# Mission Insurance Impossible



## munch8987 (Jun 6, 2011)

Hey all,

My missus has got a 206cc, 51 plate, 2ltr and we gave been trying to get a renewed policy for it.
We have had quotes ranging from 1300 right up to the ridiculous 5812!
Now I'm 23, 2 years ncb, license held for 5 years and 3 points
She is 21, 2 years ncb, license held for 3 years with no convictions

I know age is against us, but I'm paying 875 for a modified punto with a bigger engine

Any help would be great
Thanks
Ben


----------



## justina3 (Jan 11, 2008)

I hear this story every day on the car lot, seems to have got worse this last year


----------



## MuZiZZle (Apr 18, 2011)

How much was last years policy?


----------



## DMH-01 (Mar 29, 2011)

Wow that's more than my renewal quote on my E46 and I'm younger than both of you 

Have you tried admiral mate? There always the cheapest for me and they also do the multi-car policy which gives you quite abit of a discount.


----------



## Ninja59 (Feb 17, 2009)

DMH-01 said:


> Wow that's more than my renewal quote on my E46 and I'm younger than both of you
> 
> Have you tried admiral mate? There always the cheapest for me and they also do the multi-car policy which gives you quite abit of a discount.


post code lottery?


----------



## DMH-01 (Mar 29, 2011)

Ninja59 said:


> post code lottery?


Doubt it seen as my postcode is F rated.


----------



## DrDax (Apr 16, 2009)

All i can recommend is to shop around, also try woman only insurers (although I think that has changed now) - worth a try.
Restricted milage any good? try usual things car alarm, garaged etc, no mods.

Feel sorry for anyone under 35 - with a nice car... insurance, what a rip-off.

Not to make u feel any worse... but my 500HP GT Mustang is only £485 a yr!


----------



## Leemack (Mar 6, 2009)

If it makes you fell any better.

My mrs is 42 with 7 years no claims and I am 31 with 9 years no claims and both clean licenses held for 24 years and 14 years respectively.

Mini Cooper S cabriolet - 2005. Last years premium £403. This years premium £525 :doublesho

Tried 65 different companies including the big 3 search engines and the bigger companies that don't subscribe to the 3 search engines.


----------



## ant_s (Jan 29, 2009)

Yup, insurance is a pain in the ****, how can they want to charge me £4500 for a 197! (£4900 to keep it in the garage!)

I'm sure there is some kind of animal sitting infront of a keyboard of numbers, that just hit's it's fist, and that's your quote.


----------



## Mr_Mephistophel (Feb 28, 2011)

This is the worst I have known it for insurance.
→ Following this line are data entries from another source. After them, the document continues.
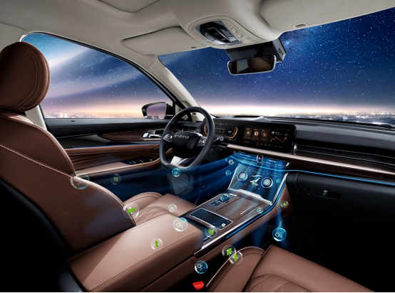 揽月采用了双12.3吋高清液晶大屏+中控屏联屏的高规格硬件,内置了最新的雄狮智云4.1系统。该系统搭载Intel 4核2.0GHz超级处理器,运算速度超快,在生物识别、AI互动、万物互联、智能驾驶等多个方面全面领先,懂得如何与用户交流,更拥有AR实景导航和9寸W-HUD抬头显示等最新潮的智能科技。这些丰富的功能让消费者在燃油车上也能享受到高端纯电动车才有的智能出行体验。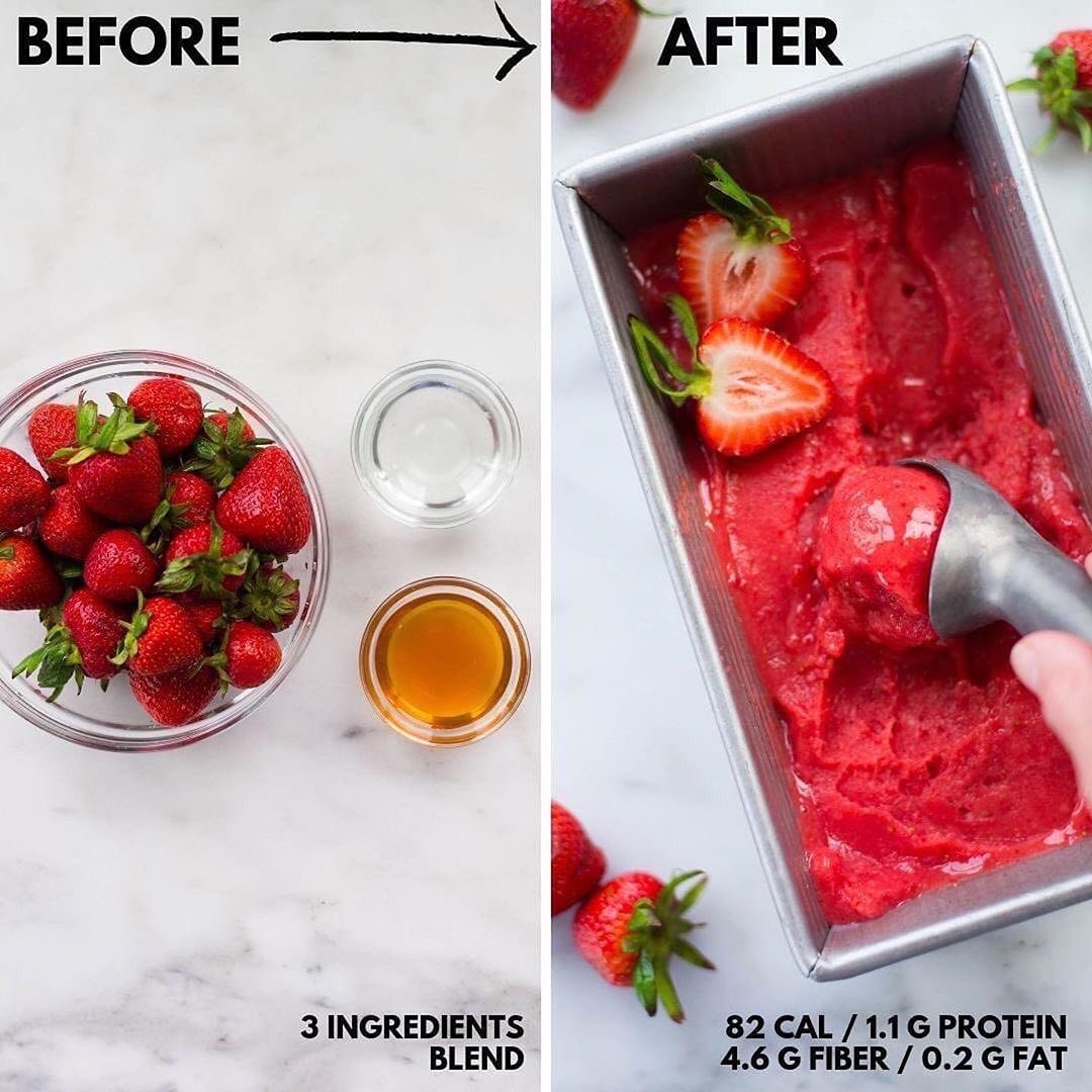 3 cups frozen strawberries blend with 2 tbsp raw honey and a splash of water or milk.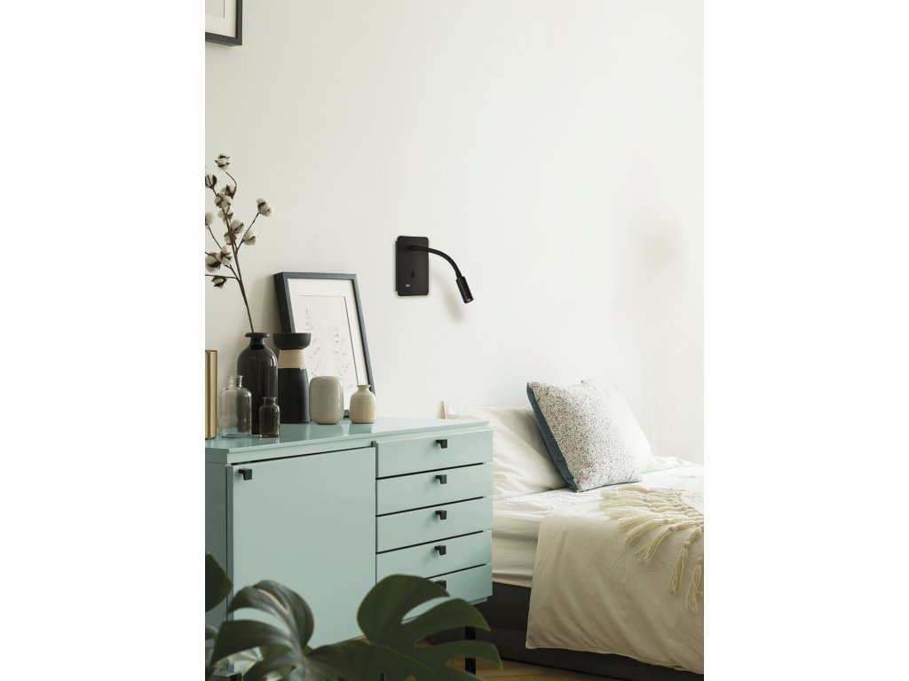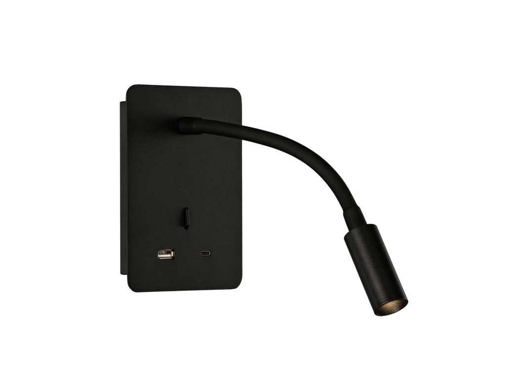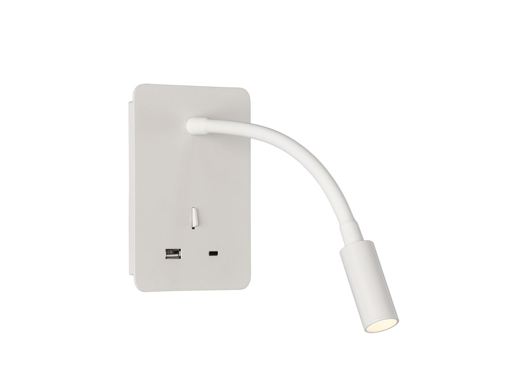Senda je perfektnou voľbou ako lampička na čítanie pre čelá spálne. Dekoratívny a praktický dizajn, ktorý obsahuje port USB typu A a ďalší port typu C na základni pre pohodlné nabíjanie vášho mobilu. Rameno s flexibilným a nastaviteľným svetlom na čítanie vo všetkých možných smeroch a polohách. Vyrobené z textúrovaného bieleho alebo textúrovaného čierneho kovu.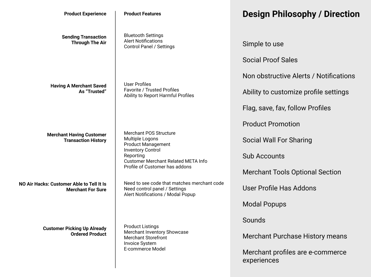 I then mapped out what would be necessary to have this scenario exist in the future (based on my own opnion and not deep blockchain knowledge) , and worked my way backward by identifying features necessary to prioritize in the roadmap so that we begin designing around those models in the early stages of the product.

Ive just had to bend over and take it from my existing insurance company and renew.
48 years old, Mondeo 2.0 diesel, 20k miles a year, 9 years no claims, 3 points from last year, no "my fault" accidents in 12 years, full license since 1988.

Had one quote of £9000. Lots of companies guaranteeing to beat my previous quote. "Oh sorry, we cant beat that" er, what part of guarantee don't you understand?


----------



## munch8987 (Jun 6, 2011)

well just tried direct line as recomended, is a good price, but still seems very expensive

fully comp for and the missus - £1345

im sure that when they put all the details in theyre computer, they get a range of price, ie £459 - £1459, then tell you the most expensive to see if you bite


----------



## Normg002 (Aug 18, 2010)

It's been mentioned elsewhere, but get a quote from elephant and admiral, and play them against each other. Also, ask them on the phone what happens if you go over your mileage, the woman I spoke to at elephant said nothing, so you could put a much lower mileage lowering prices somewhat. 

Add one of your mums to the policy, my mum brought my policy down by £400, my dad who has had his licence longer, made my policy more expensive. 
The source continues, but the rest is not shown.